In March 2008, Burundi honoured its obligations under the Ottawa Convention by destroying its stock of over 660 anti-personnel landmines.


 … in secondary schools, universities and civil society  

  • In March 2008, 18 students from six Burundian universities took part in a university competition on IHL.

  • Almost 500 students attended IHL lectures organized by four academic institutions.

  • Thirty religious leaders attended a meeting to learn about IHL and the ICRC’s activities.

  • Ninety representatives of local associations attended a two-day forum on IHL and the protection of women and children.

  • About 20 journalists participated in a workshop on “The role of the media in situations of conflict and/or internal violence”.

 Cooperation with the Burundi Red Cross  


The ICRC supports the BRC’s activities to succour the most vulnerable groups of the population.

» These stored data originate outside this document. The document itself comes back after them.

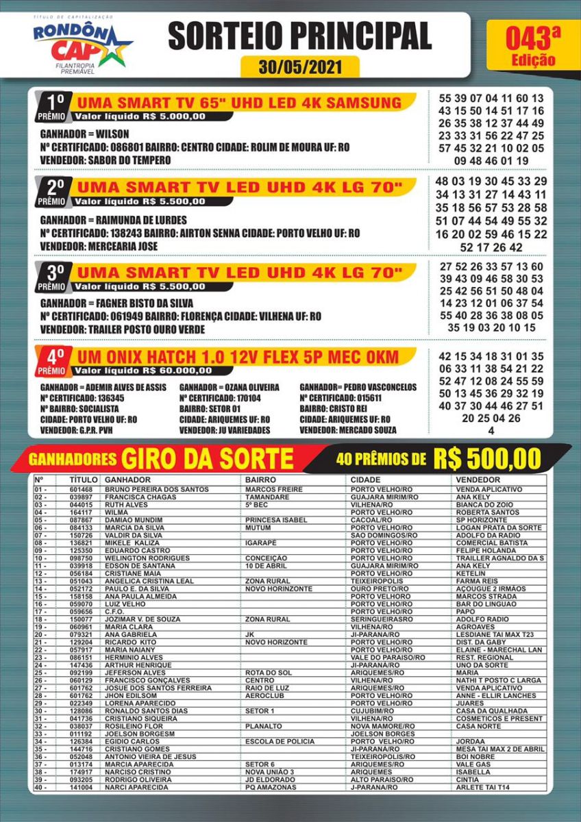 Confira os ganhadores do sorteio principal e do giro da sorte:
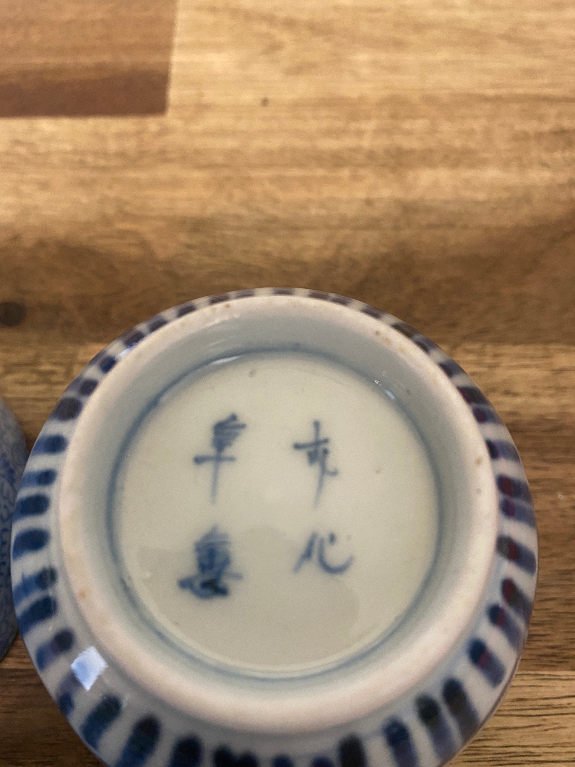 Japanese Ko-Imari blue and white soba cup and dish set (3) from Edo period. Signed circa 1820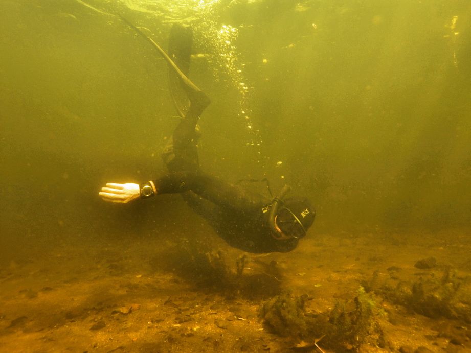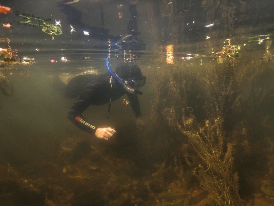 The biggest fish of the day was a Pike in probably about eight feet of water which just went right under me as if I wasn’t there. The deepest water was under a huge Oak tree which just happened to have a rope hanging from it, Andy was first to jump in wearing full snorkel gear, not only did it look funny but felt funny clambering up the banks with fins on! It was a nice break from being face down and a chance to play up for the camera!

It helps the BRC to improve the skills of its staff and volunteers and to build its capacity to respond to humanitarian emergencies.

In 2008:

  • five hundred volunteers received training in how to provide first aid and ensure that the population has access to drinking water and sanitation in the event of a crisis and in how to manage stocks of humanitarian aid;

  • one hundred emergency relief workers – BRC volunteers who are trained to act in situations of conflict or natural disasters – and 100 members of local committees were familiarized with the “Safer access” principles. The aim was to make them aware of the dangers they face when they go the assistance of victims and to instruct them in the measure they should take to protect themselves in emergencies;

  • blankets, sets of kitchen utensils and buckets for fetching water were distributed to 100 families who had been affected by the natural disasters which had struck various regions of the country;

  • what will ultimately be a national network for restoring family links was launched in the provinces of Bubanza, Makamba and Ruyigi.